Chris Perez honored to pitch for Team USA in World Baseball Classic

The call came, but Chris Perez missed it.

The Holmes Beach native, IMG alum and Cleveland Indians closer was busy moving the day his cell phone rang and Joe Torre was waiting on the other end.

"I hope it's good news," Perez remembered thinking.

The owner of four World Series rings, Torre, as it turns out, isn't above leaving a voice mail.

And once Perez returned it, his fears melted away.

Torre, who will manage Team USA during next month's World Baseball Classic, was calling Perez to tell him he was on the team.

And unlike a large of swath of superstars, Perez didn't turn down the invitation.

He was the one he wanted it to begin with, as soon as the player's association began taking a preliminary head count toward the end of last season.

"I was like, 'Yes, I'd love to play,'" Perez said. "It's a great game, and we invented it."

It's understandable why some of the sport's biggest names have waved away Torre's request to play for Team USA, which will come together in early March at the Colorado Rockies' spring training complex in Salt River Flats, Ariz.

Spring training is all about easing into a routine; the World Baseball Classic is all about playing to win in mid-March. And while teams aren't permitted to prevent a player from participating in the WBC, it isn't always the easiest thing to go against the guy who signs your paycheck, especially when said paycheck could easily put a few dozen twins through college.

Perez, however, never thought twice about playing.

He wants to represent

his country, which hasn't made it past the semifinals during the first two WBCs.

"It's kind of a black eye," Perez said of Team USA's previous performances. "Also, it's an honor to be selected. It's what you've worked your whole life for. When I played in college, I wanted to be one of the best in college. When I played in the minors, I wanted to be one of the best in the minors. And now that I'm a major leaguer, I want to be one of the best in the majors. And this kind of validates that."

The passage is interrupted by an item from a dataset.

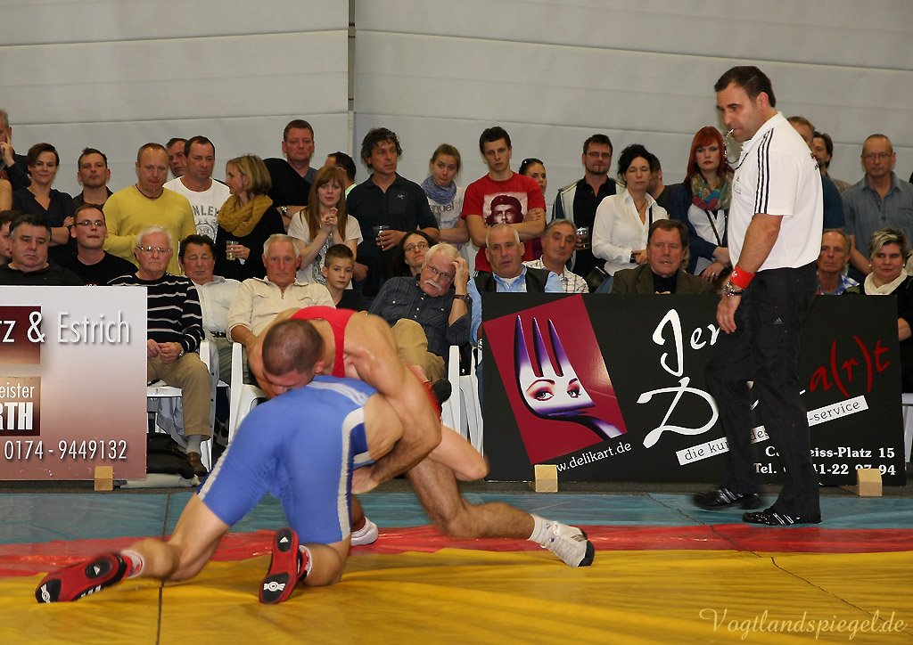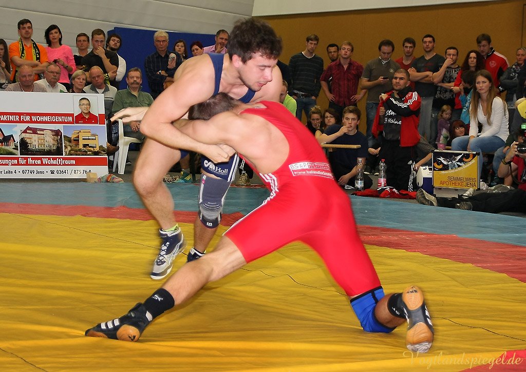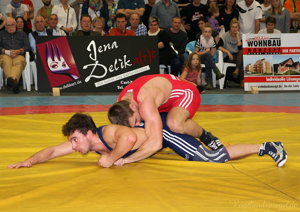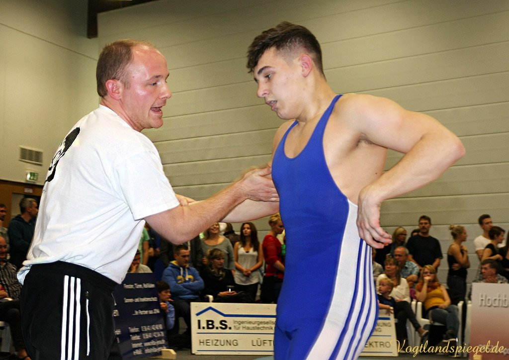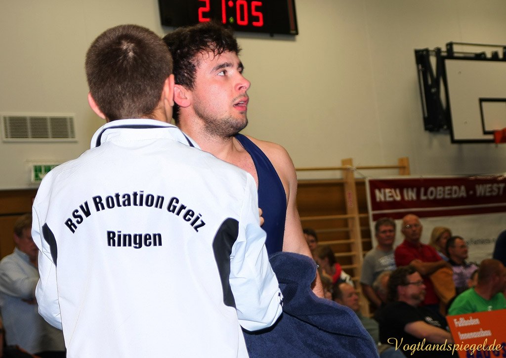 Nach drei Rollen am Boden nach rechts und weiteren zwei in die entgegengesetzte Richtung war der Kampf bei 12:0 schon nach 1:36 Minuten beendet. (16:8) Auch Patryk Dublinowski (84 kg/Freistil) ging als klarer Favorit ins Rennen, knallte aber nach 8 Sekunden nach einem Hammer des pfeilschnellen Gagik Egiazarov mit den Schultern auf die Matte. Dann öffnete der Greizer allerdings seine Trickkiste und führte hauptsächlich durch Beinangriffe zur Pause 13:3. Noch einmal gelang dem Jenaer im zweiten Abschnitt eine Zweierwertung, diesmal als Konter, dann stand nach 21 Sekunden der 17:5 Erfolg fest. (16:8) Die begeisterten Greizer Fans skandierten: Au.., Au.., Auswärtssieg. Der für den dienstlich verhinderten Trainer Tino Hempel die Mannschaft betreuende Swen Lieberamm setzte im 74 kg Limit des freien Stils auf Nachwuchsmann Daniel Sartakov, der bereits in der Anfangsphase gegen den ehemaligen Kaderringer Rüdiger Kabus in Rückstand geriet. Er kämpfte aber beherzt bis zum Schluss weiter, musste aber eine 0:7 Niederlage einstecken. (20:11) Im letzten Kampf gab es das ewig junge Duell, wie Hallensprecher Lars Wolf ankündigte, zwischen Toni Stade (74 kg/greco) und dem tschechischen Vizemeister Karel Hanak. Als der Tscheche zu Boden musste, konnte ihn der Greizer zweimal von vorn ankippen und ging so 4:0 in Führung. Beide Aktionen waren grenzwertig, der Kari hatte aber die beste Sicht. Der deutsche Vizemeister brachte die Führung geschickt, auch in der Bodenlage als Untermann über die Zeit. Am 22:11 Erfolg der Greizer gab es nichts mehr zu rütteln. ähnlich wie in Pausa hatte man aber nun den Kampfrichter als Schuldigen für die Heimniederlage ausgemacht. Hanak erhielt nach der offiziellen Verkündung der Siegermannschaft nach einem deutlichen Fingerzeig gegen den Kampfrichter die rote Karte.

In preparation for playing competitive games rather than easy-as-Sunday-morning Cactus League contests, Perez began throwing a couple of weeks early in attempt to round into the guy who has produced 98 saves and two All-Star team selections during the past three years.

"I wanted to make sure I'm closer to midseason form, and I feel stronger because of it," Perez said. "I'm not concerned about wearing down later in the year. I hope I don't. But right now, I'm feeling fine."

He's ready to wear USA across his chest, ready to play for a manager likely to land in the hall of fame and ready to help the United States take back ownership of the game we proudly call our own.

It's big-time baseball in the middle of spring.

Perez is ecstatic to be a part of it.

Given how some of baseball's other guys have reacted to the WBC, that's good news, too.